Friday, February 14, 2014

#45 / That Ridiculously Resilient Ridge



I celebrated the rain when it came last week. I will celebrate it again, whenever it returns. In the meantime, California is facing the worst drought in recorded history, and the blame, it appears, comes from a "ridiculously resilient ridge" of atmospheric high pressure off the West Coast, deflecting storm systems away from California and the other western states. The picture above, of the snowpack in the Sierra, as of January 3rd, should let us know we have a problem. 

I learned a lot at the 10th Annual Water Law Symposium held last weekend at Hastings College of the Law, in San Francisco. Among other things, I learned that global warming models, derived quite a few years ago, predicted that with the melting of ice in the Arctic a high-pressure ridge would develop exactly where that "ridiculously resilient ridge" is now located. In other words, while our historic drought may or may not be totally dependent on global warming, global warming has played an important part in our current water woes.

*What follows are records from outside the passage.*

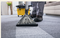
die Teppiche reinigen
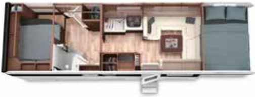
ALKOVEN 86 FB
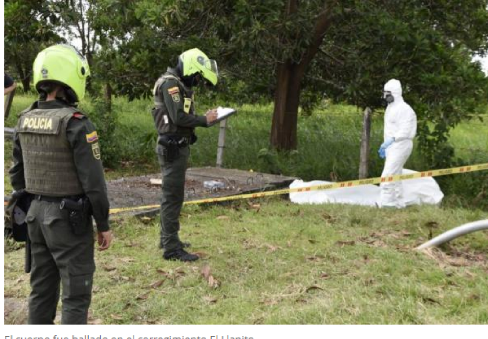
El cuerpo fue hallado en el corregimiento El Llanito.

La Fiscalía notificó a Ecopetrol sobre esta orden de captura y le solicitó información personal de su trabajo para poder hacer efectiva esta orden de captura por el delito de feminicidio.
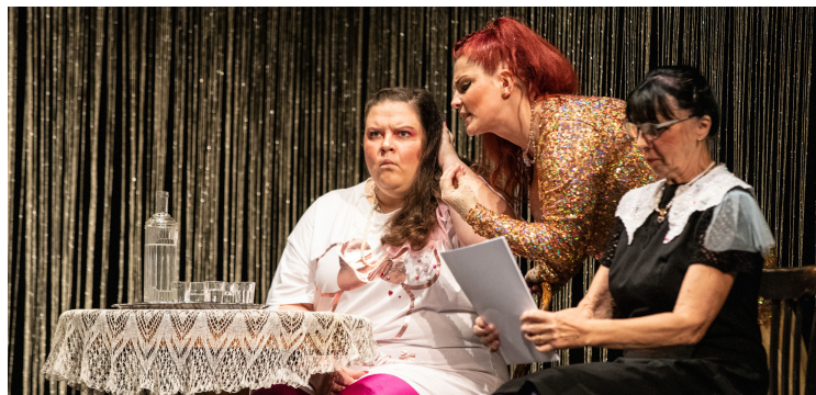
Ženitba (DK Jirásek)

Perhaps it will all work out. Maybe that "ridiculously resilient ridge" of high pressure air will dissipate and disappear. Maybe we have nothing to worry about.

On the other hand, however "ridiculous" it might seem, it may be that this "resilient ridge" is now going to be a permanent feature of the World of Nature, in our neighborhood. If that turns out to be true, the picture above may reflect a "big" snow season at Lake Tahoe. 

Ridiculous?

I am not laughing. 


Image Credit:
http://www.pe.com/local-news/local-news-headlines/20140124-weather-ridiculously-resilient-ridge-blocking-much-needed-rain-snow.ece

1 comment:

  1. I'm not familiar with this global climate model projection. (Models do not predict, they can only project from current conditions possible scenarios for later confirmation by observation.)

    Do you have the citation for this claim?

    The Pacific high pressure ridge is known historically as a function of ENSO variability. It can never become a permanent feature of the world of nature, as Arctic ice is returning quickly and will never (in human time scale) disappear completely.